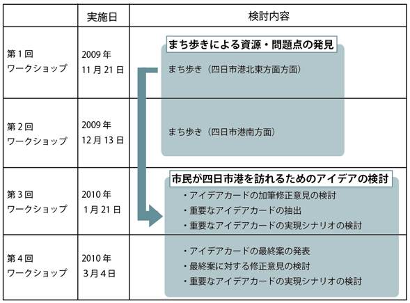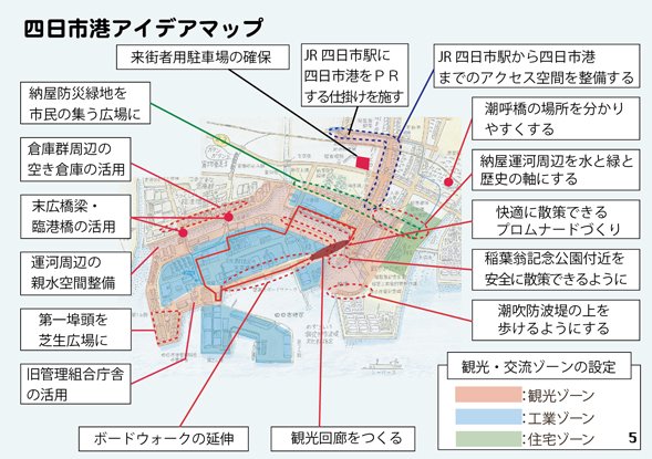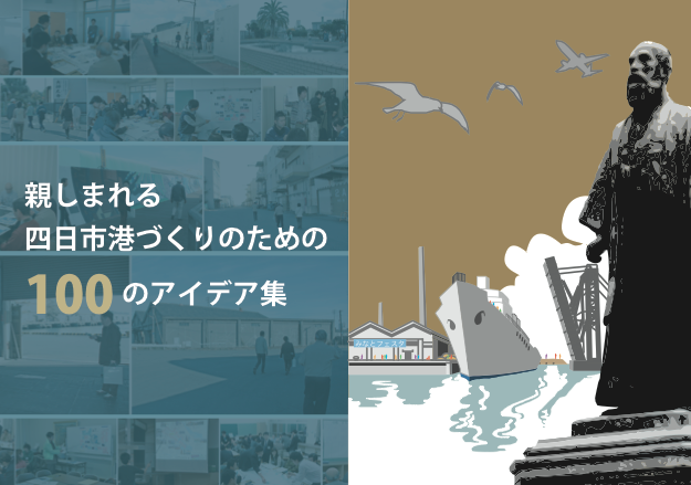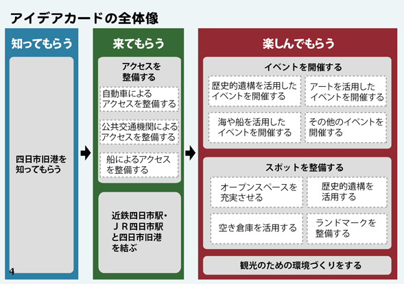 2009年度のワークショップでは、まち歩きを踏まえて、親しまれる四日市港づくりのためのさまざまなアイデアを検討し、最終的に100のアイデアをカード形式として取りまとめました。アイデアの構成は大きく「知ってもらう」、「来てもらう」、「楽しんでもらう」の3つに分けられます。場所が特定できるアイデアはアイデアマップに整理されました。「知ってもらう」では、四日市港をPRするための様々なアイデアが17枚にまとめられました。「来てもらう」の16枚は、「アクセスを整備する」と「近鉄四日市駅やJR四日市駅と四日市旧港を結ぶ」の2つに分けられました。「楽しんでもらう」の67枚は、「イベントを開催する」・「スポットを整備する」・「観光のための環境づくりをする」の3つに分けられました。
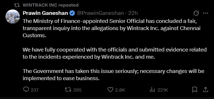 Wintrack's public fight against Chennai Customs corruption has sparked a nationwide probe and social media storm.
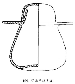 流行于明、清的一种罐式。明永乐时期创烧,因罐体似卷轴画的轴头而得名。造型为上小下大,斜直腹,圈底内凹,颈、腹之间有板沿,弧形帽式盖。清康熙、雍正朝多有仿制。(见图109)
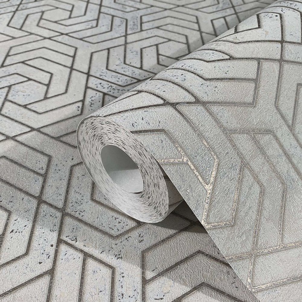 Wallpaper Non-Woven 3D Labyrinth Grafik metallic greige gold Marburg City Glam 32608
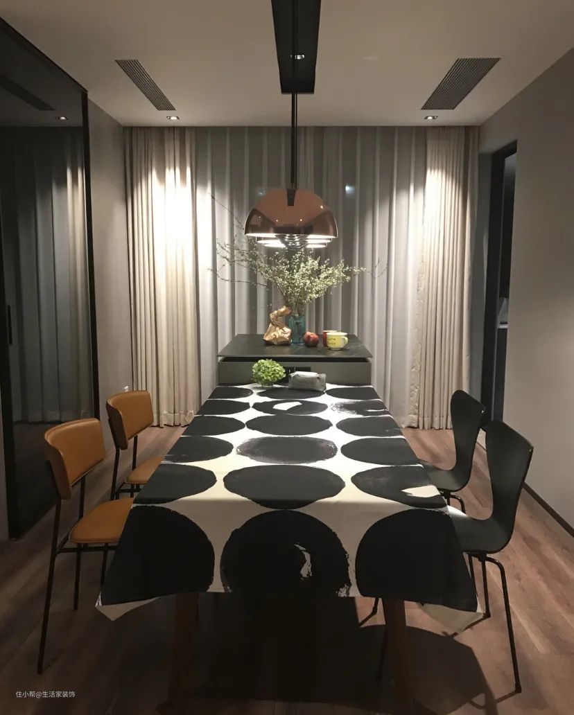 一般来说,餐厅照明推荐使用吊灯,可以营造“聚拢感”,用餐更温馨。其次,吊灯的高度应该距离桌面650mm左右,超过这个距离,易产生眩光;
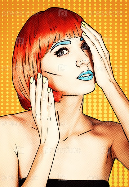 Портрет молодой женщины в стиле комического поп-арта. Женщина в красном парике на желто-оранжевом мультяшном фоне
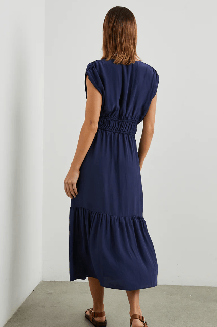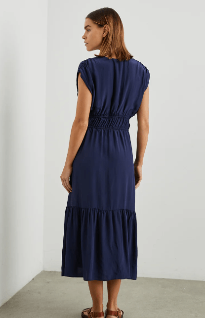 The Aletta dress is crafted from delicate drapey crepe with shirred panels at the shoulder and double tie waist. Wear with a Rails denim jacket or dress up with heels.
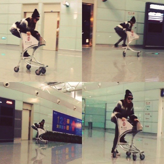 공개된 영상 속에는 공항카트의 받침대에 올라탄 채 공항 내부를 신나게 질주하는 지아의 모습이 담겨 있다.
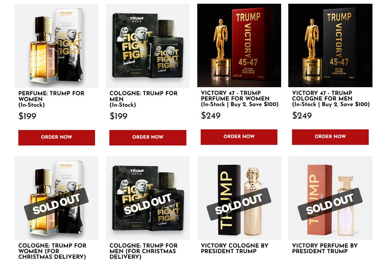 В линейку вошли два аромата, вдохновлённые его победами на президентских выборах 2016 и 2024 годов. Коллекция получила название «Victory 45–47», что отсылает к его 45-му и предполагаемому 47-му срокам на посту президента США.
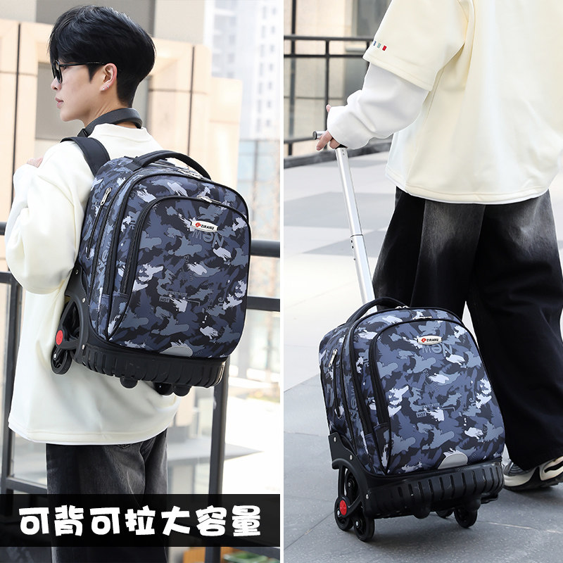 拉杆式书包中学生大容量专用一体式拉杆箱高中生初中学生拉杆书包
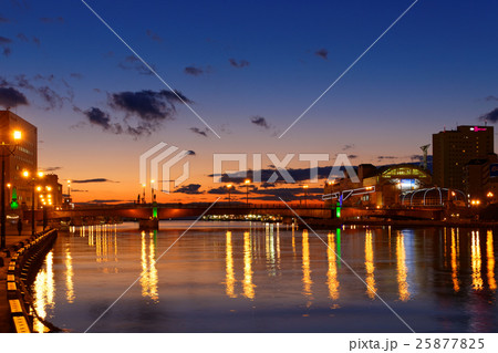 夕暮れの幣舞橋とフィッシャーマンズワーフ
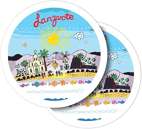 Lot de 2 autocollants ronds en vinyle de 10 cm – Lanzarote îles Canaries pour ordinateur portable, tablette, bagage, scrapbooking, réfrigérateur #58850
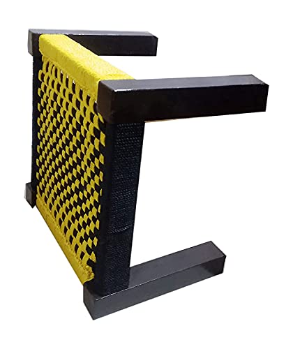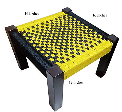 Handmakers ! Wooden Chowki with Yellow and Black in Chess Board Design (16x16X12) Inches
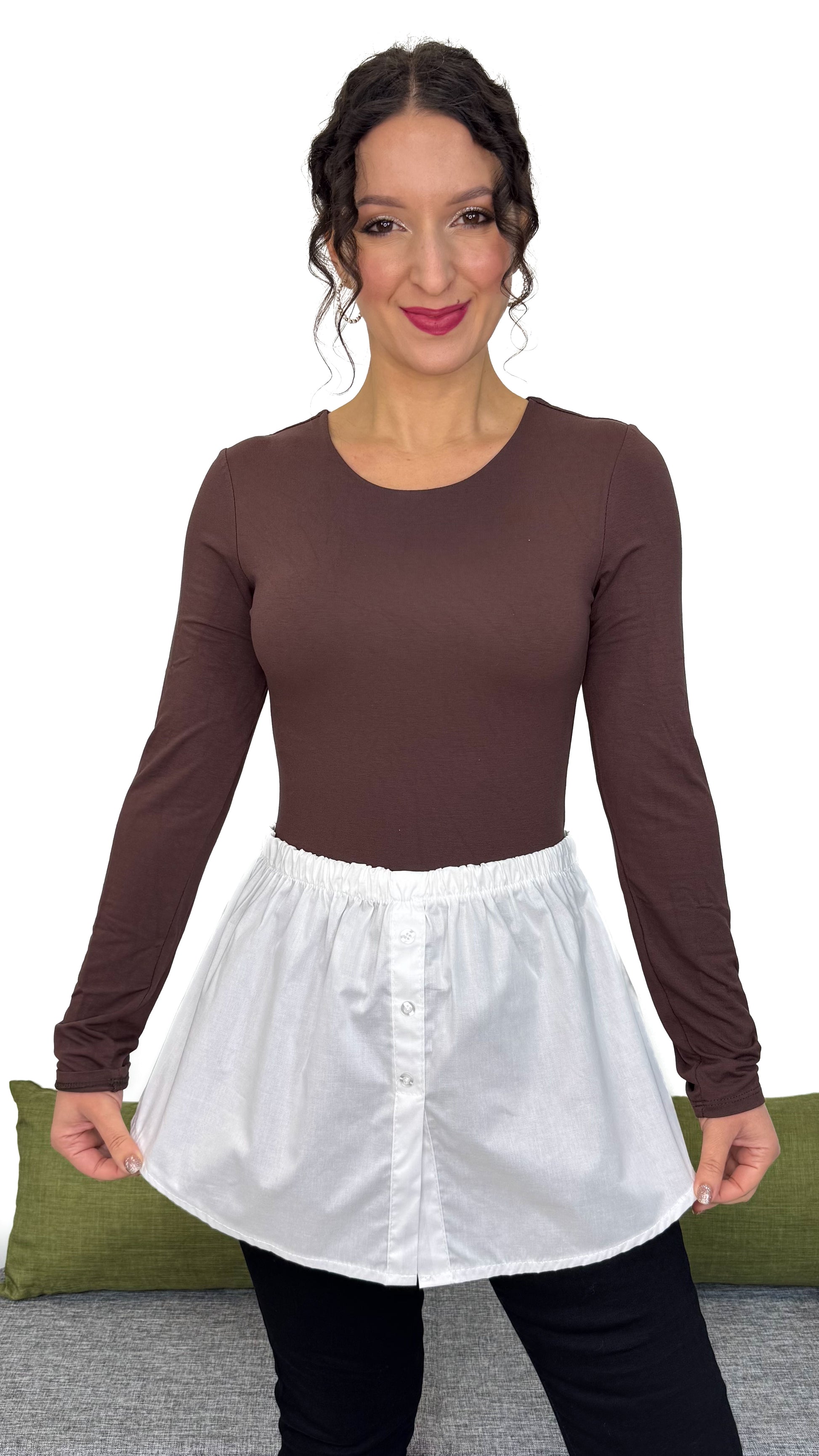 Questo capo è una rivoluzione! Non bisogna per forza indossare una camicia lunga sotto ai nostri maglioni preferiti, ma diventa più pratico e comodo indossare questa GONNA CAMICIA per aggiungere lunghezza e stile!
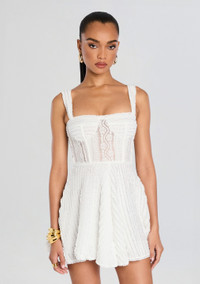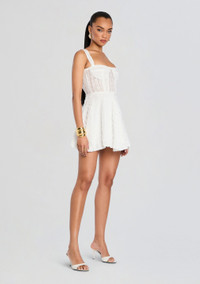About Charo Ruiz Ibiza Established in 1989, Charo Ruiz is a resort wear brand renowned for its luxe Spanish designs. Characterized by natural fabrics, embroidery, and delicate lace, each piece is inspired by the culture and purity of Ibiza. With an emphasis on local craftsmanship and traditional design, Charo Ruiz aims to create feminine silhouettes that live as long as the memories of the idyllic and eternal island itself. The family owned business continues to push boundaries each season, instilling personality, freedom, and uniqueness into each piece designed. - 50% Cotton, 30% Nylon, 17% Polyester, 3% Spandex - Made in Portugal - Model is 5'10 wearing size S - Style No. - 255601

■ ■ ■ ■

- Directions for this task
Look through the material above. Transcribe exactly the lines between the ones with "Lot de 2 autocollants" and "Handmakers ! Wooden", inclusive, and keep pictures out.

- Reply to the exercise
 Lot de 2 autocollants ronds en vinyle de 10 cm – Lanzarote îles Canaries pour ordinateur portable, tablette, bagage, scrapbooking, réfrigérateur #58850
 Handmakers ! Wooden Chowki with Yellow and Black in Chess Board Design (16x16X12) Inches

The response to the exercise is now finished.